Apart from the pictures, every record here must be copied word for word.

□ □ □ □

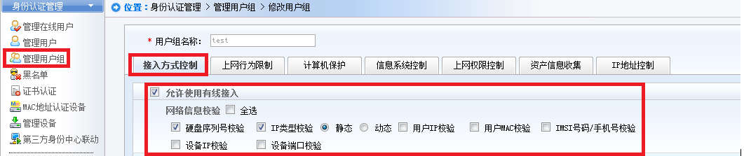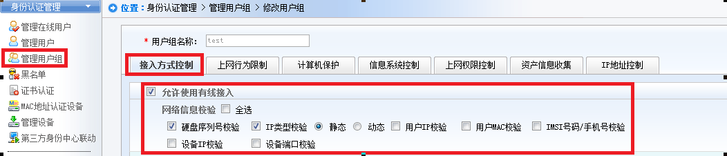 i. 进入SMP管理界面,依次打开“身份认证管理”-“管理用户组”,找到认证失败用户所在的用户组点击修改,在接入方式控制标签取消掉“网络信息校验”中的相关校验内容;
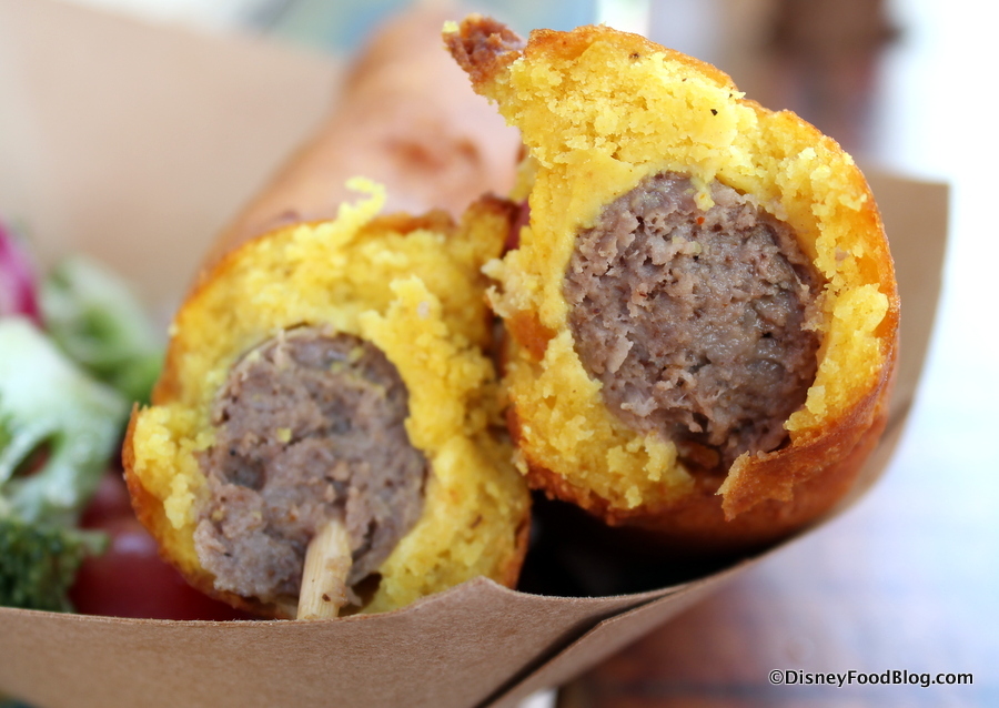 But back to the sausages… It seems like variations of the good ol’ park favorite Corn Dog have been popping up everywhere recently! From Trader Sam’s Grog Grotto and Tiki Terrace’s Corn-battered Portuguese Sausages to a more traditional take with Lightsaber Bites at the Rebel Hangar, it seems we’ve entered the new Era of the Corn Dog. But I did mention variants, and the version at Famous Sausages has two: first, instead of a more traditional hot dog, it’s a sausage link inside. Second, and possibly more unique, is the curry batter. As a side note, the portion is terrific — not quite a foot-long, but not far from it.
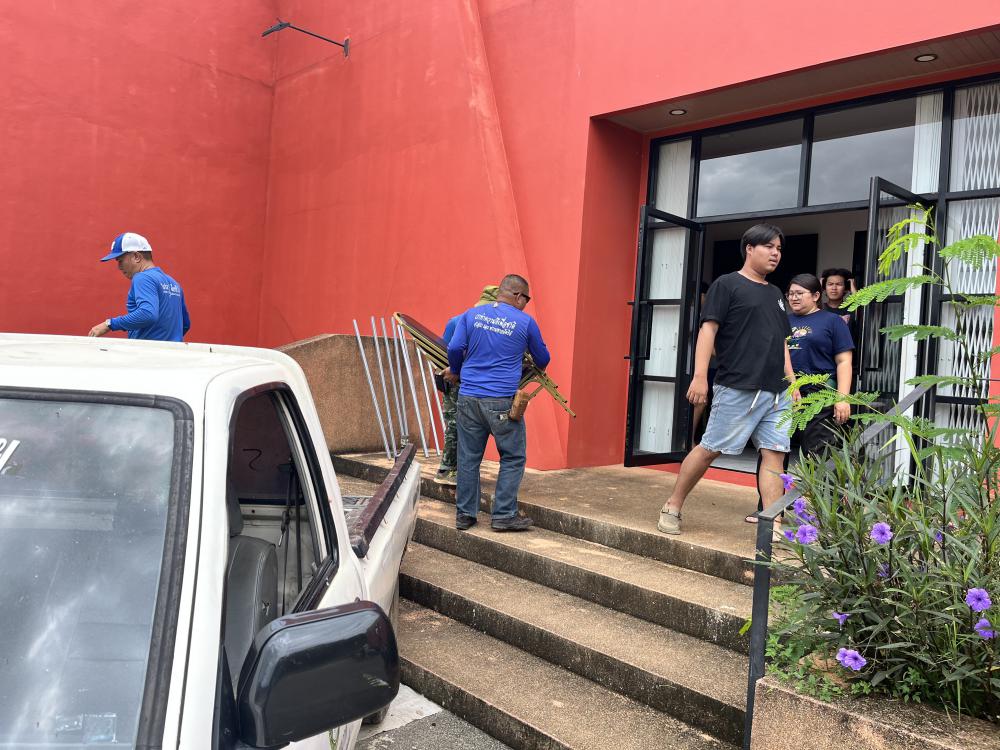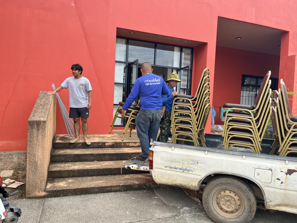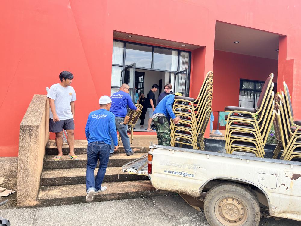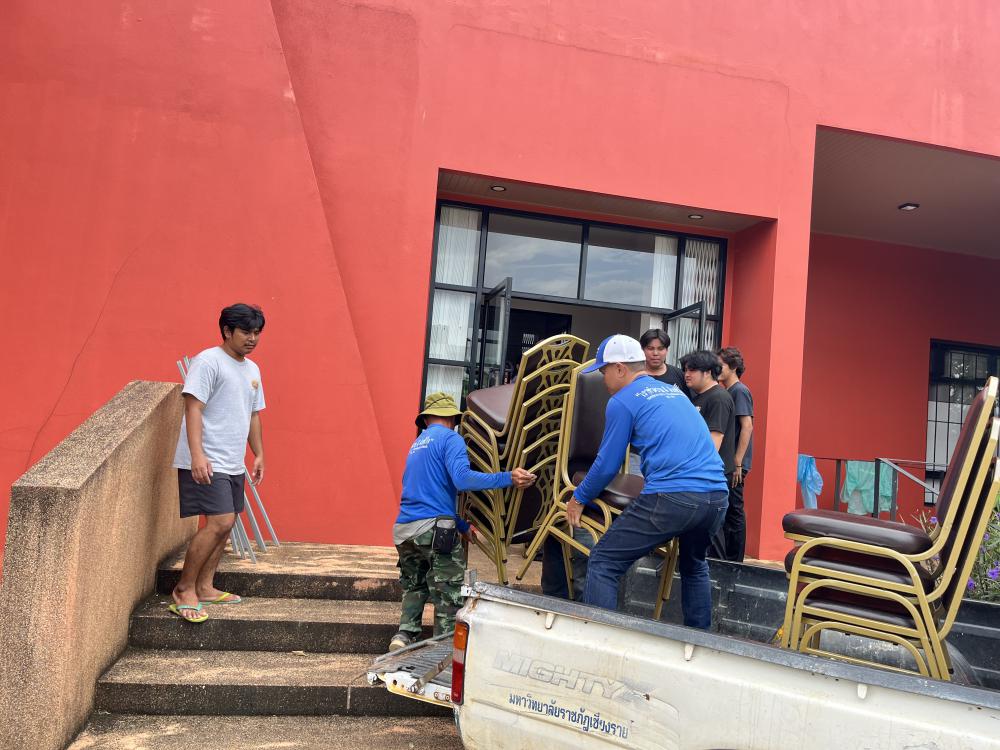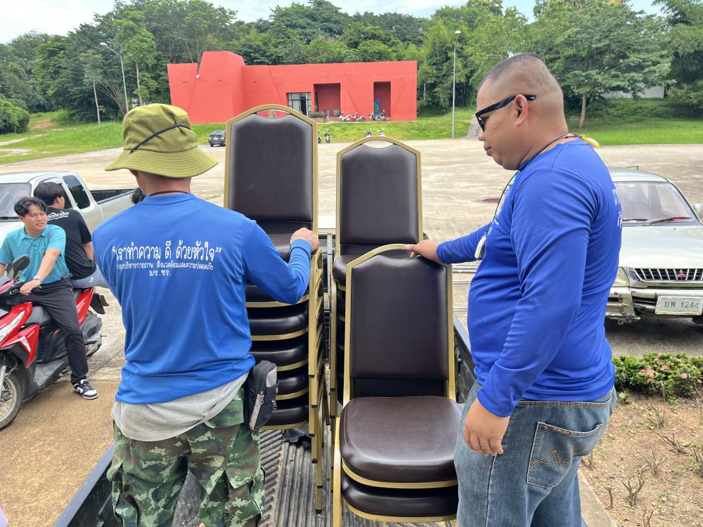 ขนเก้าอี้จากหอปัญญาร 9 ไปตึกแผ่นดินไหว
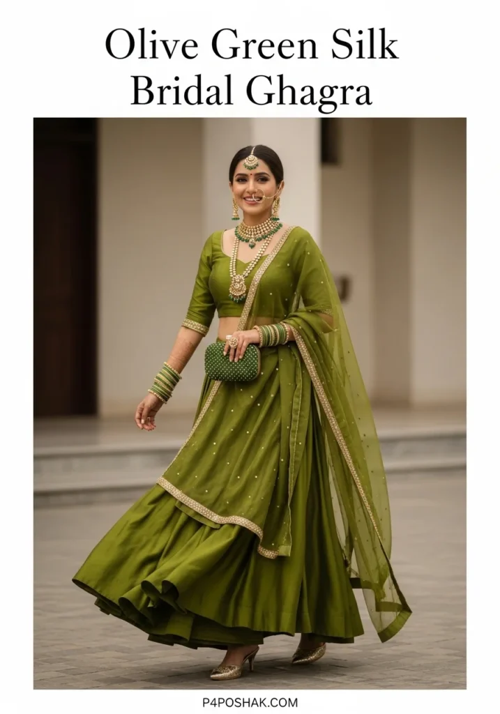 18. Olive Green Silk Bridal Ghagra
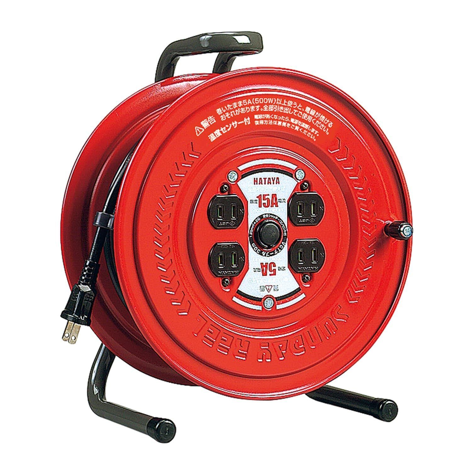 ハタヤ (HATAYA) コードリール 屋内用 100V型 コード30m 太さ1.25㎟ 標準型 温度センサー内蔵 (電線溶解防止機能) コンセント4個 コンセント防塵シャッター 前面フラットパネル 家庭用 工場用 建設現場 サンデーリール S-30S
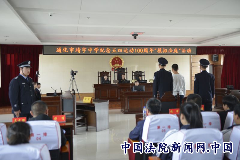 2019年是“五四运动”一百周年。为纪念“五四运动”,通化市中级法院联合全市多家单位共同举办的“模拟法庭”活动。“模拟法庭”现场设在通化市东昌区人民法院,青年法官志愿者协会的陈川鹏法官为这场模拟法庭编写庭审脚本。来自靖宇中学的15名学生饰演了模拟法庭的法官、检察官、律师、被告人、司法警察等全部角色,全体成员均着正装,以具体的校园欺凌案例为蓝本,极大地还原了真实的法庭庭审现场。
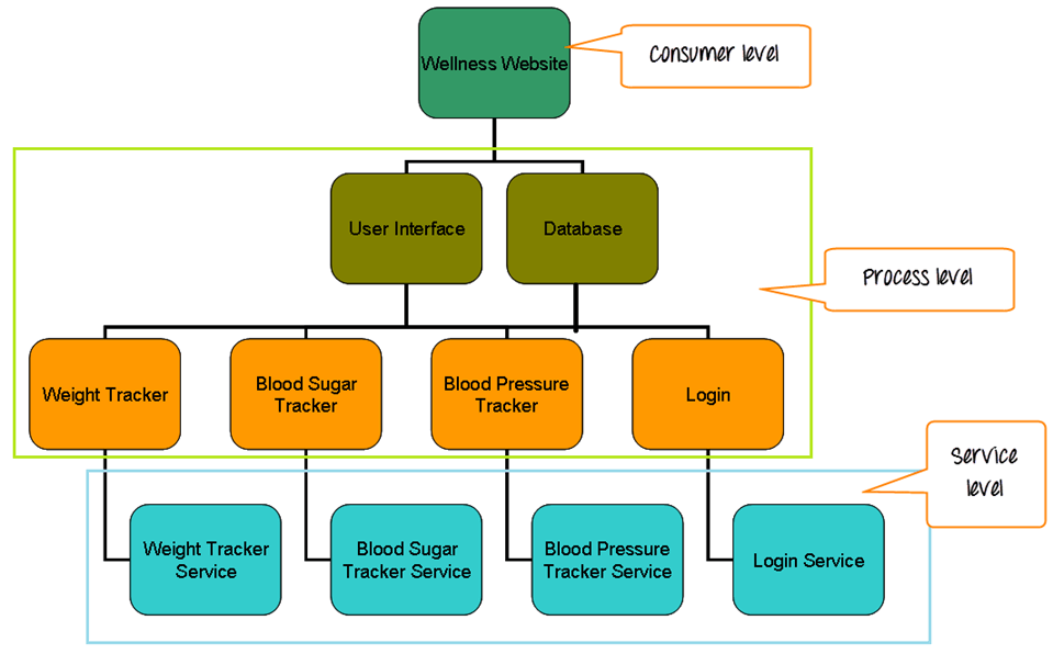 根据层级,SOA应用程序的测试分为三个级别。

□ □ □ □

* [SOLVED PROBLEM]:
 i. 进入SMP管理界面,依次打开“身份认证管理”-“管理用户组”,找到认证失败用户所在的用户组点击修改,在接入方式控制标签取消掉“网络信息校验”中的相关校验内容;
 But back to the sausages… It seems like variations of the good ol’ park favorite Corn Dog have been popping up everywhere recently! From Trader Sam’s Grog Grotto and Tiki Terrace’s Corn-battered Portuguese Sausages to a more traditional take with Lightsaber Bites at the Rebel Hangar, it seems we’ve entered the new Era of the Corn Dog. But I did mention variants, and the version at Famous Sausages has two: first, instead of a more traditional hot dog, it’s a sausage link inside. Second, and possibly more unique, is the curry batter. As a side note, the portion is terrific — not quite a foot-long, but not far from it.
 ขนเก้าอี้จากหอปัญญาร 9 ไปตึกแผ่นดินไหว
 18. Olive Green Silk Bridal Ghagra
 ハタヤ (HATAYA) コードリール 屋内用 100V型 コード30m 太さ1.25㎟ 標準型 温度センサー内蔵 (電線溶解防止機能) コンセント4個 コンセント防塵シャッター 前面フラットパネル 家庭用 工場用 建設現場 サンデーリール S-30S
 2019年是“五四运动”一百周年。为纪念“五四运动”,通化市中级法院联合全市多家单位共同举办的“模拟法庭”活动。“模拟法庭”现场设在通化市东昌区人民法院,青年法官志愿者协会的陈川鹏法官为这场模拟法庭编写庭审脚本。来自靖宇中学的15名学生饰演了模拟法庭的法官、检察官、律师、被告人、司法警察等全部角色,全体成员均着正装,以具体的校园欺凌案例为蓝本,极大地还原了真实的法庭庭审现场。
 根据层级,SOA应用程序的测试分为三个级别。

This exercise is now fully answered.